Another 'Humanitarian Operation' Proposed for Sri Lankan Expat Employee Heroes Stranded in Jeddah

(an old photo)
Sri Lanka government calls them Rata Viruwo in Sinhala language meaning Expatriate Heroes or more meaningfully Foreign Employee Heroes. True, the government must worship them in the morning and in the evening because they are the primary donors for the politicians' extravagances. They are the major foreign exchange source of the island economy. The Minister of Foreign Employment Promotion Dilan Perera says in the Ministry website, having received about US $ 4.1 billion in 2010, "remittance income is by far the highest foreign exchange earner for Sri Lanka, providing 33% of her foreign exchange. Remittance income is 8% of Sri Lanka’s GDP, gained from Sri Lanka’s work force abroad. This work force is about 17% of Sri Lanka’s total labor force."

But a part of these heroes sleep in an open space under a bridge in Jeddah city tonight also since they are considered by Saudi kingdom as illegal migrants who must be repatriated. The number is well over 750 including more than 60 women, sources say.

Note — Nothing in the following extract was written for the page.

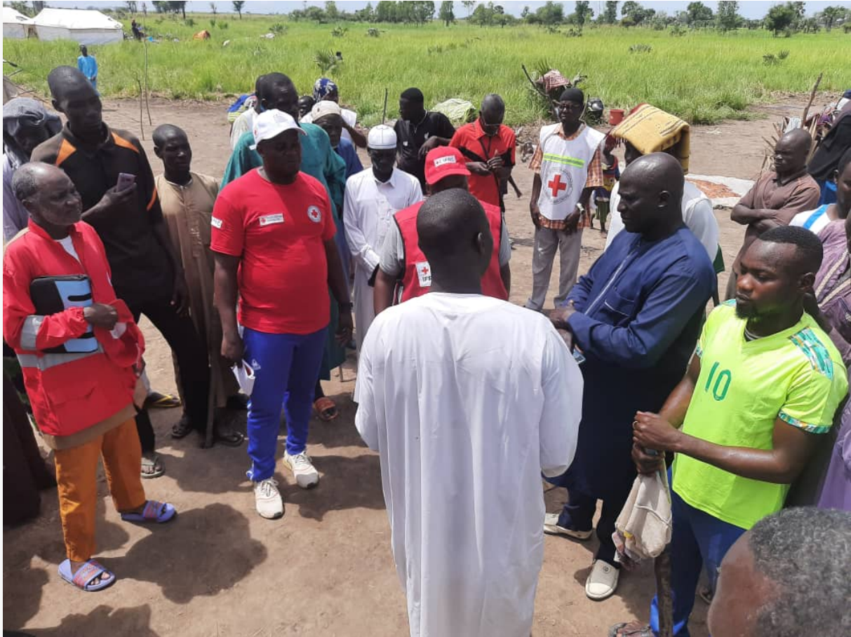
Volunteers during second assessment in Mourla Gobo et Mourla Gozom

The fate is similar for a number of other migrant workers from countries like Malaysia, Indonesia and Bangladesh. Jeddah is a hub of present day slave trade and the issue of the stranded migrants is also part and parcel of the city.

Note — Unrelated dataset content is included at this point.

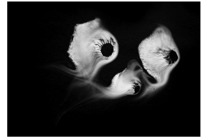
Debra Solomon, Entropical / En Necromasse, spore print, 2015

United National Party (UNP) MP Ajith P. Perera says that they are needed to be brought back immediately. He said that some of these employees have migrated to Saudi Arabia via foreign employment agencies and they have failed to secure employment due to regulations of Saudi government. Other sources say that the bulk of these Lankans had travel led to Saudi Arabia on short-term visas and later over-stayed with the intention of securing employment. There are also those who had entered Saudi Arabia on religious pilgrimages and later stayed behind. There are others who have fled from the workplaces violating the service agreements mostly due to inhuman treatment. Most of them have registered in the Sri Lankan Embassy in Saudi Arabia and awaiting expatriation.

The UNP MP proposed the government to bring them back home in a chartered plane considering the pathetic situation they are facing. A good campaign. This is what the government of Sri Lanka wants to shun. The government preferably awaits until the kith and kin of the bereaved migrant employees collect money and send them to bring them home. Saudi police may have already informed the Sri Lanka embassy to take action to repatriate them.

Sri Lanka Foreign Employment Bureau said last week that the government of Saudi Arabia had agreed to provide temporary jobs for 5,000 Sri Lankan expatriate workers who were staying in the Kingdom illegally. Perhaps this may help them to fetch some money to buy their air ticket.

Sri Lanka Foreign Employment Bureau says that the government of Sri Lanka is facing difficulty in bringing back them to the home country. However, 30 to 35 of these expatriate workers are brought home, the Bureau says.

Over 600,000 Sri Lankans are employed in Saudi Arabia. The majority of them are housemaids and other domestic aide.

Minister Basil Rajapaksa said on March 12 addressing the inaugural ceremony of the Rata Viru Piyasa programme of building houses for Sri Lankan expatriate workers at the Galagedara that it was the foreign exchange earned by expatriate workers which enabled the country to purchase much needed weaponry and aircraft for the successful conclusion of the humanitarian operation which liberated the country from terrorism.

Then why don't the heroes about whom we speak here deserve a humanitarian operation? It will be an actual humanitarian operation after all.